Le retour de «Suzie»

BÉCANCOUR. Après 35 ans passés à prendre soin des autres, Suzanne Doucet, de Sainte-Angèle-de-Laval, a tiré un trait sur sa carrière d’infirmière le printemps dernier. Une décision mûrement réfléchie prise à l’automne 2019, sans savoir qu’une pandémie frapperait le monde entier à l’aube de sa retraite.

«J’ai terminé en mars 2020. La tempête commençait. C’était très tumultueux. Les choses n’étaient pas encore bien campées. J’ai vraiment eu l’impression d’abandonner le navire en pleine tempête», raconte celle qui a vécu le moment avec un sentiment ambivalent: «D’un point de vue personnel, tu te dis « Fiou, je suis sortie de là. Je vais pouvoir mieux protéger mes proches vu que je ne travaille pas ». D’un autre côté, tu penses à tes consoeurs, à tout le travail qu’il y a à faire…»

Une pensée qui est restée très présente tout au long du printemps et de l’été. Si bien que lorsqu’elle a reçu un appel du Centre intégré universitaire de santé et de services sociaux de la Mauricie-et-du-Centre-du-Québec (CIUSSS MCQ) l’invitant à reprendre du service pour aider à la vaccination, en septembre dernier, elle n’a pas hésité une seconde avant d’accepter.

«J’ai dit oui tout de suite parce que dans le contexte actuel, mon plus grand désir, c’est que les gens qui soignent continuent leur travail de soignant», explique-t-elle, rappelant que chaque année, du personnel est déplacé de son secteur habituel le temps de la vaccination contre l’influenza.

Celle que l’on surnomme «Suzie» a donc repris du service à l’automne.
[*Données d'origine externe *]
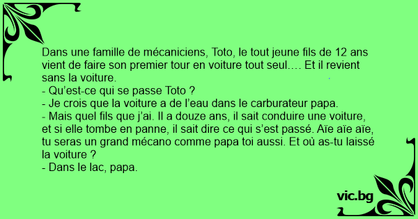 Карбуратор Water in the Carburetor Anruf in der Autowerkstatt Wasser im Vergaser Καρμπυρατέρ Περί γυναικών Жена притеснява по телефона мъжа си: Жена към мъжа си: — Любий, мені здається вода потрапила в карбюратор. — Ой, які ми розумні стали… На автах розуміємося. А ти хоч знаєш, де той карбюратор стоїть? — У машині… — А машина де? — У річці… A mulher liga toda esbaforida para o marido no escritório: — Querido, o carro não quer pegar... está com água no carburador. — Você já chamou um mecânico? — Não! — Então como é que sabe que o... Little Johnny runs to his dad and says, "Dad, there's water in the carburetor of the car!" "How can you be so sure?" the father asks. "I just know there is," replies Little Johnny. "Do... Дружина підходить до чоловіка: "Коханий, у мене машина зламалася, в карбюратор вода попала." - Та що ти розумієш! Ти взагалі не знаєш, що таке карбюратор! Де твоя машина? - У ставку... Mi esposa me dijo que el auto no estaba corriendo bien, que había agua en el carburador. Cuando pregunté donde estaba el auto ella me dijo: En el lago. Kona på 74 kom hjem til mannen sin og sa: – Kjære, bilen vil ikke starte, men jeg vet hva som er problemet. – Jaha, sa mannen tvilende. Og hva er problemet? – Det er vann i forgasseren, sa kona. –... Había una vez una señora que llama a su esposo y le dice: Cariñito, tuve problemas con el carro. Y el esposo le dice: ¿El carro? ¿Qué pasó? Nada, que creo que le entró agua en el carburador y por... Een vrouw komt op een middag thuis en zegt tegen haar man: "Schatje, de auto start niet meer, maar ik weet wat het probleem is" "Wat dan?" vraagt haar man. De vrouw antwoordt: "Er zit water in de... Une femme rentre chez elle après avoir fait les magasins. Son mari regarde le foot à la télé. - Chéri, dit-elle, il y a un problème avec la voiture. Elle ne démarre plus. - Un problème ? Avec ma... Телефонує блондинка чоловікові й каже: — Дорогенький, здається в карбюратор моєї машини потрапила вода. — Як вона... а ти взагалі знаєш що таке карбюратор? — здивоване запитує чоловік. — А де... Vaimo soittaa miehelleen: - Auton kaasuttimessa on vettä ja se ei oikein käynnisty. - Missä auto nyt on? - Järvessä. Wife: "There's trouble with car. It has water in the carburetor." Husband: "Water in a carburetor? That's ridiculous." Wife: "I tell you the cas has water in the carburetor." Husband: "You don't... Mergina skambina vyrui. - Brangusis į mano mašinos karbiuratorių vandens pribėgo. - Oho tu dar, net ir tokį žinai. Kur jis yra ar bent žinai? - Na dabar tai ežere... A esposa chega bêbada, doidona, e quase caindo em casa e diz pro marido: — Amor, ic... entrou água no carburador do nosso carro... E o cara diz: — Mas, como se você sabe, se você não entende nada... Kovácsné ziláltan ront be a lakásajtón: - Gyere gyorsan Józsi! Valami baj van a kocsinkkal. Víz került a karburátorba. - Na, ne már! Hogy kerülhetett víz a karburátorba? Hol van az autó? - A Dunában?! - Драги, мислам дека карбураторот се наполни со вода. - Знаеш ли ти воопшто каде се наоѓа карбураторот? - Па знам драги, во автомобилот. - А каде е автомобилот? - Ене го во езерото. Ao marido de Maria (Zé)chegar em casa, Maria diz : — Zéééééé ,o carro ta cum água no carburador!!! — Se nem sabe o que é carburador!!! - diz o Zé -Cade o carro??? — Vem vê!!! - diz a Maria... Ea: - "Draga, s-a Defectat masina. Cred ca are apa in Carburator." El: - "E ridicol! Tu nici Macar nu stii ce e ala carburator. Unde e Masina?" Ea: - "Pai in Piscina... O blondă vine la soţul ei: - Dragă, s-a stricat maşina! Are apă în carburator! - Iubito, tu nici nu ştii ce e ăla carburator. De unde ştii că are apă în carburator? Lasă că verific eu. Unde e... Manželka takhle jednou přijede z práce domů a povídá manželovi: "Drahý, v karburátoru je voda." "Voda v karburátoru? To je divný." "Opravdu, v karburátoru je voda." "Prosím tě, vždyť ty ani pořádně... - Brangusis, man atrodo, kad į karbiuratorių vanduo pateko… - Oi oi oi, kokia protinga, iš kur tokių frazių protingų prisirinkai? Tu bent žinai kur yra karbiuratorius? - Automobilyje… - O...

Après avoir aidé à la vaccination antigrippale en novembre et décembre, elle administre maintenant le vaccin contre la COVID-19. Elle fait partie des quelque 300 retraités du CIUSSS MCQ à avoir accepté de donner un coup de main sur le terrain au Centre-du-Québec et en Mauricie depuis le début de la pandémie .

La vaccination représentait un défi intéressant pour Suzie, qui a toujours cherché à en relever durant sa carrière. «J’en avais fait un peu lorsque je travaillais aux soins à domicile. J’avais aussi participé à une clinique de vaccination, il y a peut-être une vingtaine d’années. Mais jamais je n’en avais fait de façon massive.»

Pouvoir découvrir les subtilités de la vaccination a été, pour elle, une source de motivation à se lancer dans l’aventure. «J’ai encore envie d’apprendre des choses! Comme infirmière, j’ai changé de milieu de travail aux 5-6 ans. Je me suis promenée de l’urgence aux soins intensifs en passant par les soins à domicile, les services courants et Info Santé. J’aimais ça, changer de place. Quand j’avais l’impression d’avoir fait le tour, j’allais voir autre chose», raconte la native de Bécancour, qui a eu la chance d’oeuvrer dans plusieurs établissements de santé de Bécancour – Nicolet-Yamaska.

Visiblement, elle était prédestinée à cette carrière. «J’ai toujours été bien à aider les autres. J’étais toujours au-devant de ma petite sœur et de mon petit frère. D’après moi, c’était dans mes gênes, le besoin de prendre soin des autres», croit Suzie, dont la mère était infirmière.

«Adolescente, je ne voulais pas faire comme elle. J’ai évité ça autant que j’ai pu. J’ai fait deux ans de cégep en n’importe quoi et après ma deuxième année, mes parents m’ont dit qu’il serait temps que je me plante les pieds et que je fasse quelque chose! Mon grand-père est venu habiter chez nous. J’ai pris soin de lui. Il me disait « Tu serais bonne, comme ta mère« . Alors j’ai décidé d’essayer.»

Grand-père a eu raison! La voilà, 35 ans plus tard, avec une carrière bien remplie derrière la cravate et un goût d’aider son prochain aussi présent qu’à ses débuts.

Depuis son retour sur le terrain, Suzie travaille un ou deux jours par semaine. Lorsque les vaccins contre la COVID-19 arriveront massivement, elle envisage doubler son implication. «J’ai la chance de pouvoir aider, d’avoir un impact direct sur la pandémie avec la vaccination. On a tous hâte, comme population, de se sortir de là. Le bout qu’on doit faire, c’est de respecter les consignes et d’essayer de vacciner le plus de monde possible.»